And here we find the lie. While these aggregates Games Workshop’s dataset may be accurate, we know that there’s performance data missing. If we want to have a nuanced, thoughtful discussion about game balance, we still need to know at minimum:
- Sub-faction win rates: Are any sub-factions particularly problematic (the answer to this question is yes)
- Faction and sub-faction Player Population: Are player migrating to the problematically strong factions and away from the under-performers (the answer to this question is yes)
- Within Event Performance: Which factions are over-represented as potential event winners? Which are over-represented as actual event winners?
Subfaction Win Rates
Going back to the last Metawatch article, we see that the Adeptus Astartes sit at a 47% win rate. That’s not the whole story. If we look at Stat Check’s Meta Data Dashboard for the same period, we see quite disparate performance among the Astartes Sub-Factions in GT+ events.*
We knew that Dark Angels were doing well, but Iron Hands are also over-performing! With a win-rate of 57.8%, they also have an OverRep score of 1.59, meaning that they appeared in the top 4 of events 59% more often than we would expect given their player population. They outright won 2 events in the Arks meta leading up to February 12th, and were the 10th most popular faction among GT+ event attendees. That is problematically good performance from a relatively popular faction.

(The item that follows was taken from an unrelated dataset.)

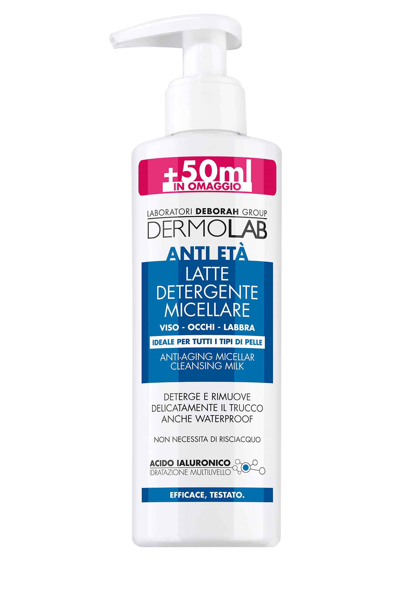 Gently removes makeup and cleanses deeply, leaving the skin polished and elastic, guaranteeing a perfect balance between cleansing and respect for your skin. Combines the effectiveness of milk with the delicacy of micellar water. Contains a pool of multiLIVELLO hyaluronic acids, including a low molecular weight one that penetrates to the deepest layers of the epidermis, minimizing the visibility of wrinkles. Ideal for all skin types, even the driest. Dermatologically and obscurable testedDermatologically tested. With a pool of hyaluronic acids for multi-level hydration. Gently removes makeup and cleanses deeply. Enlève délicatement le maquillage et détergent en profondeur en laissant la peau polie et élastique garantissant un parfait équilibre entre nettoyage et respect pour votre peau. Associe l'efficacité du lait à la délicatesse de l'eau micellaire. Contient un pool d'acides hyaluroniques multiLIVELLO dont un à faible poids moléculaire qui pénètre jusqu'aux couches les plus profondes de l'épiderme en minimisant la visibilité des rides. Idéal pour tous les types de peau, même les plus sèches. Dermatolgiquement et obscurcissable testéeTesté dermatologiquement. Avec un pool d'acides hyaluroniques pour une hydratation multi-niveau. Enlève délicatement le maquillage et nettoie en profondeur.

Let’s go one step further down into the sub-factions contained within the Iron Hands Sub-Faction.
That is stark. The majority of the Iron Hands player population is going with the Chapter as-is, no notes, and achieving an overall win-rate of 51%. However, the 22% of players that choose the custom traits Master Artisans and Whirlwind of Rage hit a very impressive (and very problematic) 71% win rate during the same span. If we stopped looking at the Adeptus Astartes level, we would have no idea that Iron Hands were doing so well. Further, if we stopped looking at the Iron Hands level, we’d have no idea that the combination of Master Artisans and Whirlwind of Rage was leading to such outsized results among a substantial portion of their player population.
On the other end of the spectrum, the White Scars, Crimsons Fists, Imperial Fists, and Deathwatch all sat below the 40% win rate mark, with no apparent hidden gems of sub-faction performance:
With a bit more digging, we’ve gone from the understanding that the Adeptus Astartes are balanced, with a 52% overall win rate (huzzah!) to a much more accurate understanding of loyalist Astartes’s place in the Arks meta:
- On the top end, Iron Hands are wildly overperforming, and the Master Artisans custom trait is playing a large role in that performance.
- On the bottom end, quite a few Astartes factions are still struggling – White Scars, Crimsons Fists, Imperial Fists, Deathwatch (and Blood Angels) appear to need further support, even as they enjoy 200 – 400 additional points of army relative their choices in Nephilim.
As always, the devil’s in the details. You’ll soon be able to see detailed Arks of Omen performance data here at Goonhammer’s 40k Stats, with data on secondary performance, TiWP (which you’ll learn about next time!), and sub-faction performance data. Right now, you can check out Stat Check’s Meta Data Dashboard for the current state of the meta, updated every week with the most up to date results for the most competitive events in the 40k global community. Here’s to the data, and make sure to give your local Fists players a hug – they need it.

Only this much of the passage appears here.